Hong Kong’s top court denied bail on Tuesday to media tycoon and Beijing critic Jimmy Lai, the most high-profile person to be charged under the city’s national security law.

Lai had been in custody since Dec. 3, except for when he was released on bail for about a week late last year. He was granted a $1.6 million bail by a lower court on Dec. 23 only to have the Court of Final Appeal (CFA) bring him back into custody on Dec. 31 for another hearing.

His return to custody was related to Article 42 of Hong Kong’s security law, which says that “no bail shall be granted to a criminal suspect or defendant unless the judge has sufficient grounds for believing that the criminal suspect or defendant will not continue to commit acts endangering national security.”

On Tuesday, the CFA said the lower court applied an “erroneous line of reasoning” and “misconstrued” Article 42. The decision was unanimous.

Lai was arrested in August when about 200 police officers raided the newsroom of his Apple Daily tabloid newspaper.

A supporter of Lai, holds signs as his prison van leaves the Court of Final Appeal, in Hong Kong, China December 31, 2020. (Tyrone Siu/Reuters)

Onus on defendants to prove they are not a threat

Beijing imposed the sweeping national security law on the former British colony in June 2020 after months of pro-democracy protests. The law punishes anything China considers subversion, secession, terrorism or collusion with foreign forces with up to life in prison.

Critics say it is aimed at crushing dissent and it erodes freedoms in the semi-autonomous, Chinese-ruled city.

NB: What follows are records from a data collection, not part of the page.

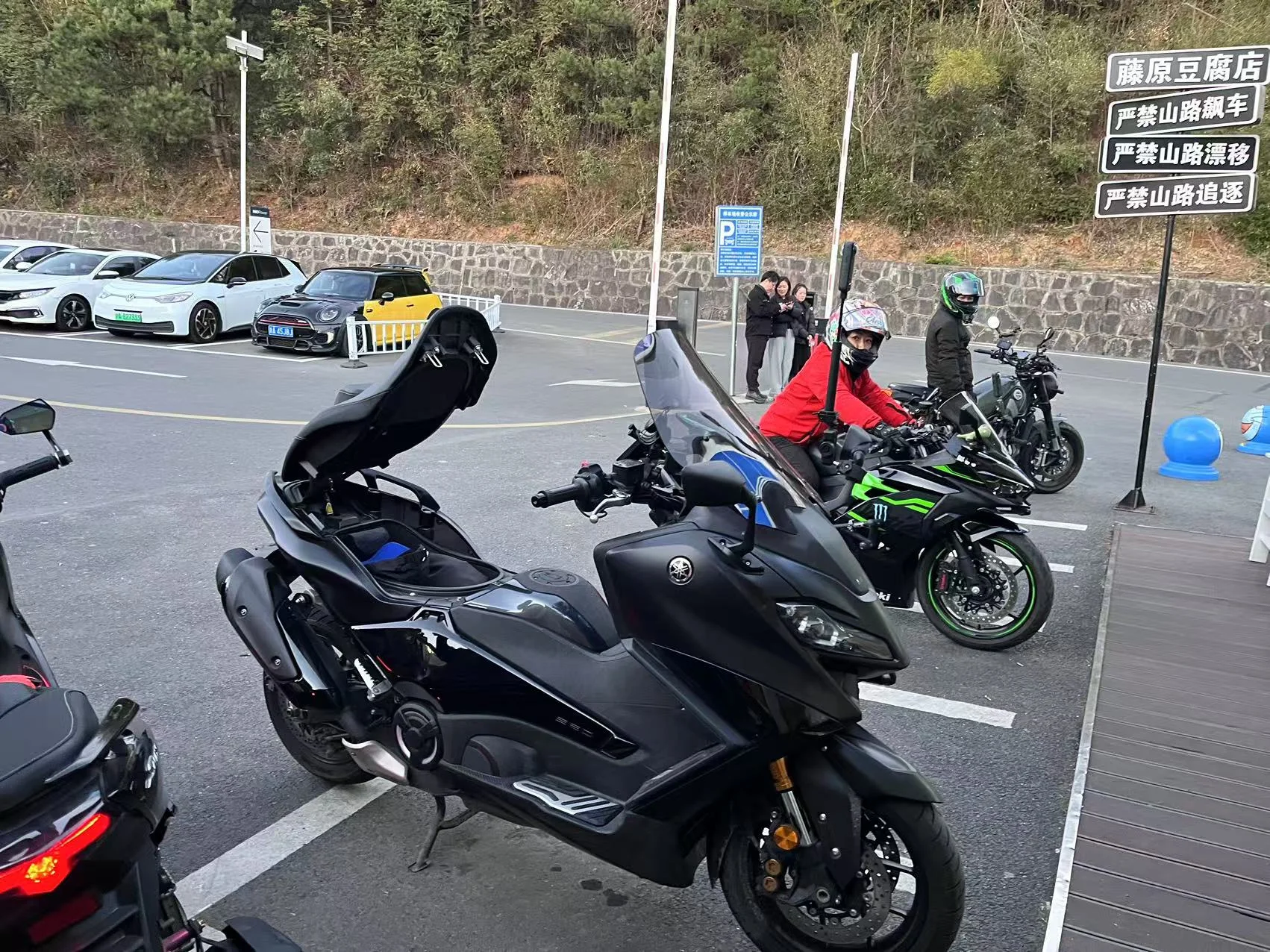 路上有很多飙车和骑摩托车、骑自行车的人,感觉很危险
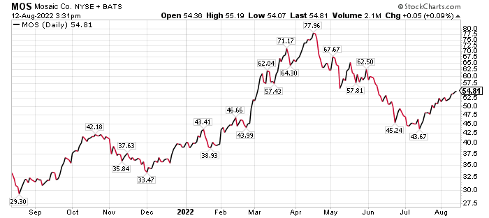 Russia is a big producer of potash, a key crop nutrient that is used in agricultural production. Robust growth in the company’s year-over-year earnings per share (EPS) and rising prices for fertilizer from constricted supply out of Russia led to a surge in the value of MOS call options that recently were recommended by Jim Woods in his High Velocity Options trading service.
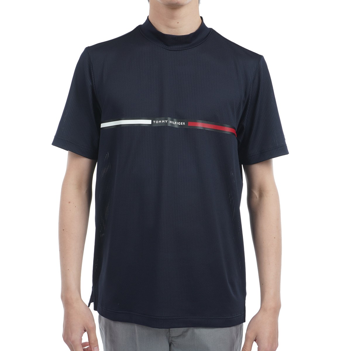 Tシャツ感覚で着られるモックネックスタイルで、フロントにはトミーヒルフィガーらしいトリコロール配色のラインロゴが施されています。
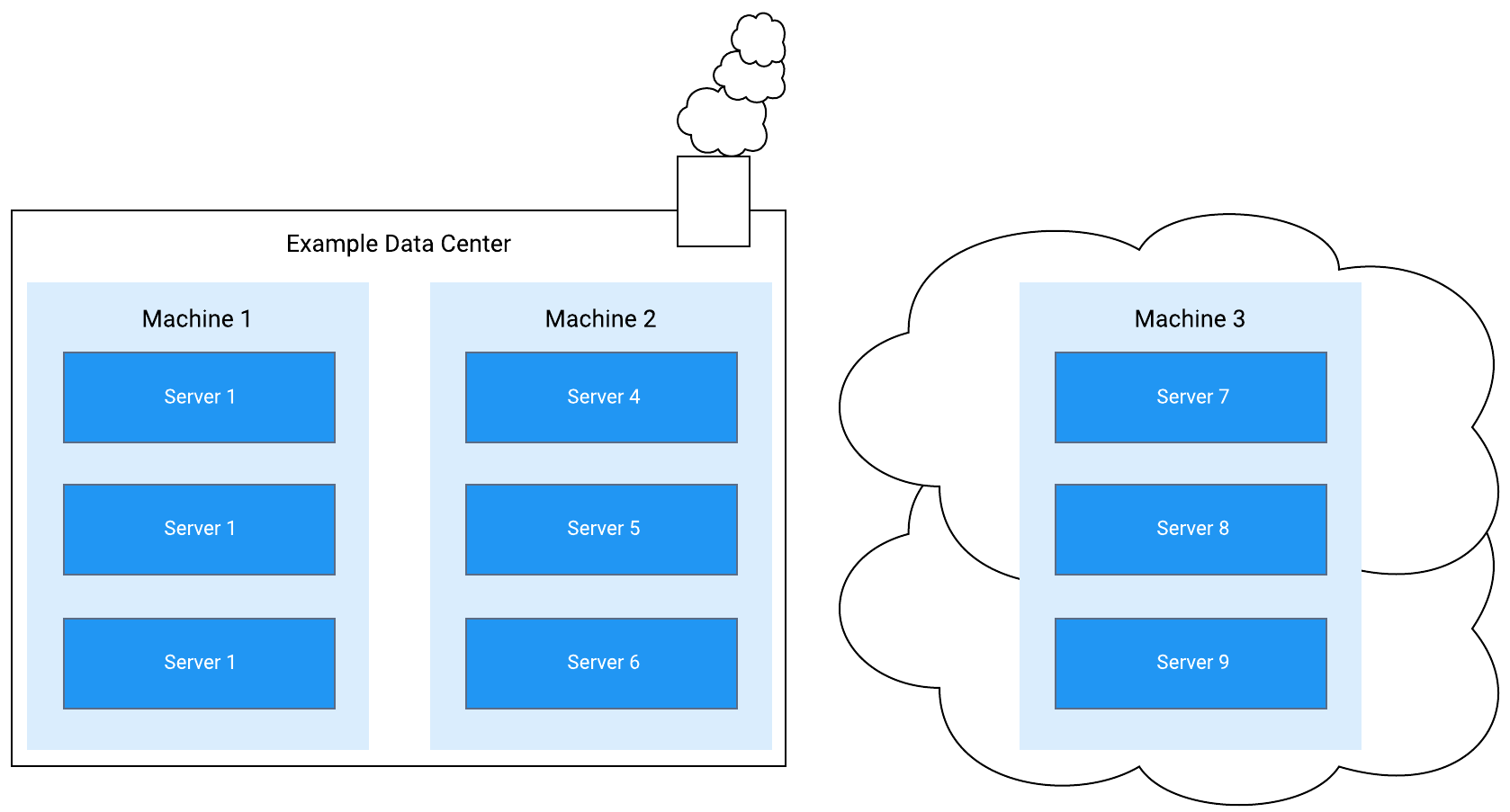 Machines are owned by a fleet and run in a specific location. Note that you can only allocate the servers on a machine if that machine belongs to a region. There are normally multiple servers hosted on one machine. Because machines and servers are part of a fleet, only servers that belong to that fleet run on a machine.
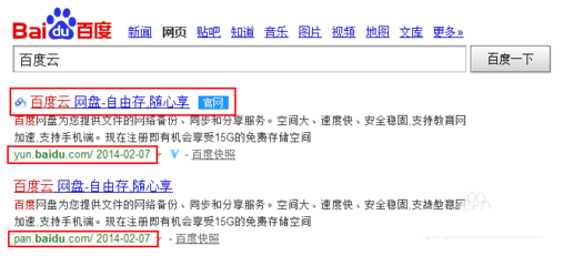 在搜索結果中可以看到第一個標記官網的百度云的域名是yun,第二個百度云的域名是pan,百度云的前身是百度網盤,這個概念延續下來,網盤已經局限了百度云的發展,所以百度推出百度云的全新產品,并整合了之前的百度云盤。

Its supporters say it restores stability after months of unrest.

Prosecutors have accused Lai of breaching the law over statements he made on July 30 and Aug. 18, in which they allege he requested foreign interference in Hong Kong’s affairs.

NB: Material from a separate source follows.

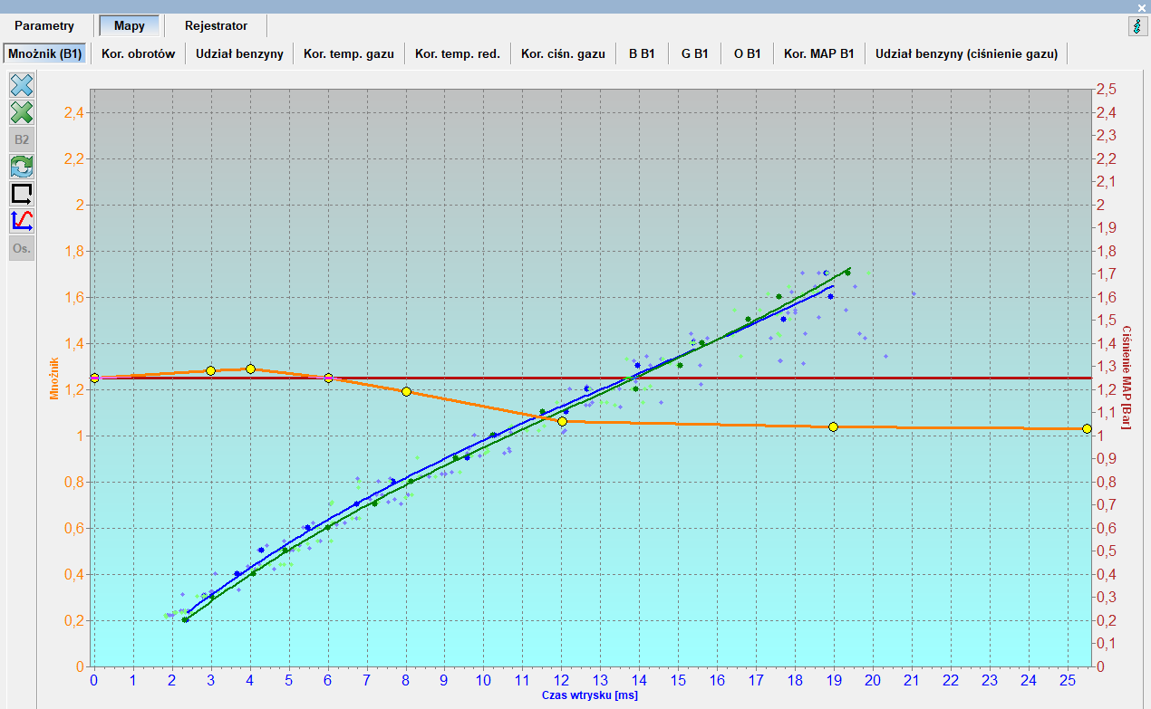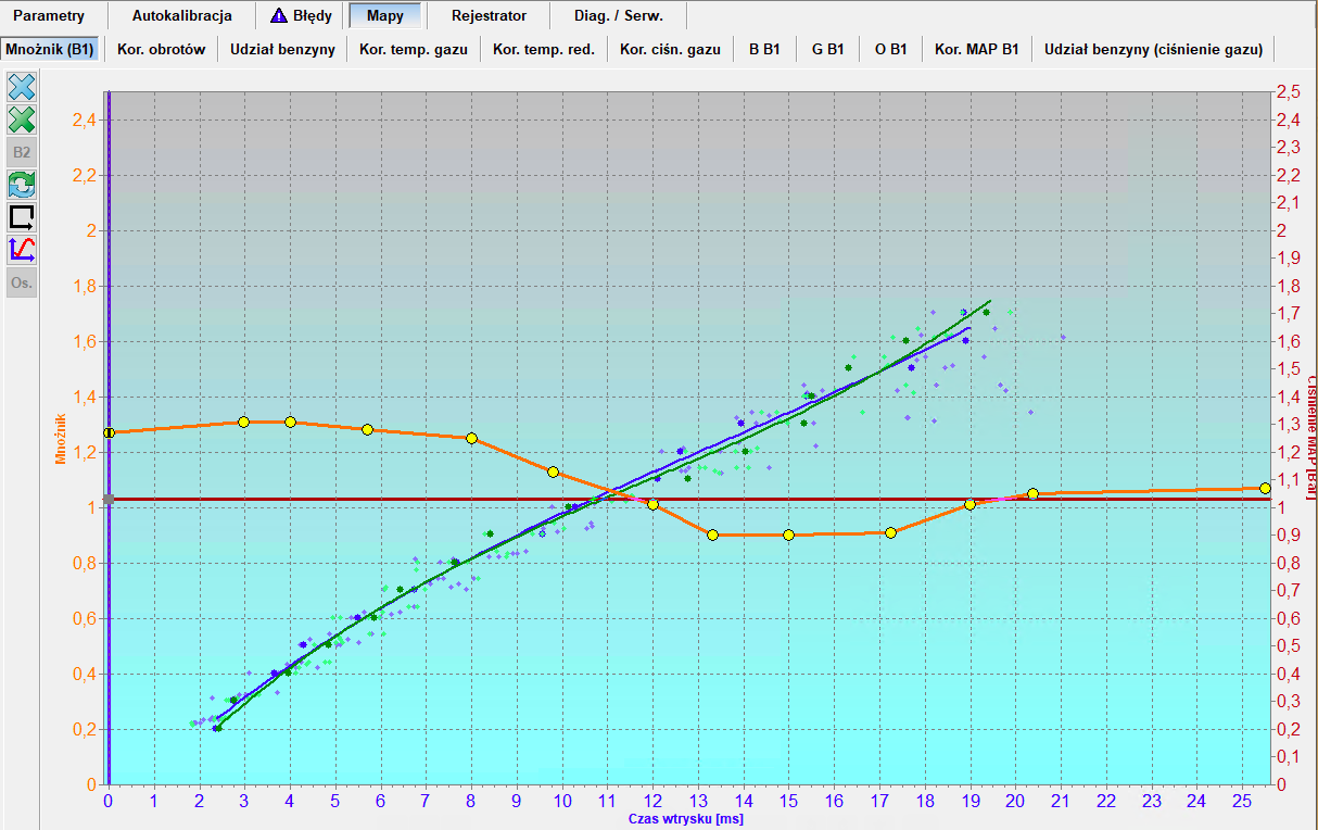 Czy taka krzywa mnożnika ma jakikolwiek sens? Mam tu na myśli czasy wtrysku przy (niemal) pełnym obciążeniu, w tym przypadku obszar od 13ms. To jest przecież jakaś komedia… Najwyraźniej ktoś patrzył na 'mapki’ i ich pokrycie, zamiast na sondę i korekty. Mapki są dla turystów… 😉 takie strojenie nie sprawdza się w jednostkach doładowanych, czy to turbiną czy kompresorem.
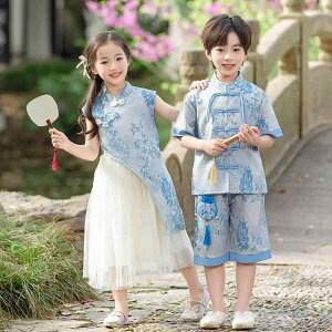 ・性別: ユニセックス・スタイル: 中華風・主な素材: ポリエステル55%・シーズン: 夏・カラー展開: 男児セット(巾着付き)、女児スカートセット・サイズ展開: 90cm、100cm、110cm、120cm、130cm、140cm、...

Under the new law, the onus is on the defendant to prove they would not be a national security threat if released on bail. Under Hong Kong’s common law-based legal system, the onus has traditionally been on the prosecution to prove its case.

The tycoon has been a frequent visitor to Washington, meeting with officials, including former Secretary of State Mike Pompeo, to rally support for Hong Kong democracy, prompting Beijing to label him a “traitor.”

Lai stepped down last year as chairman of Next Digital, which publishes Apple Daily, a popular tabloid newspaper known for its feisty and critical coverage of China and Hong Kong.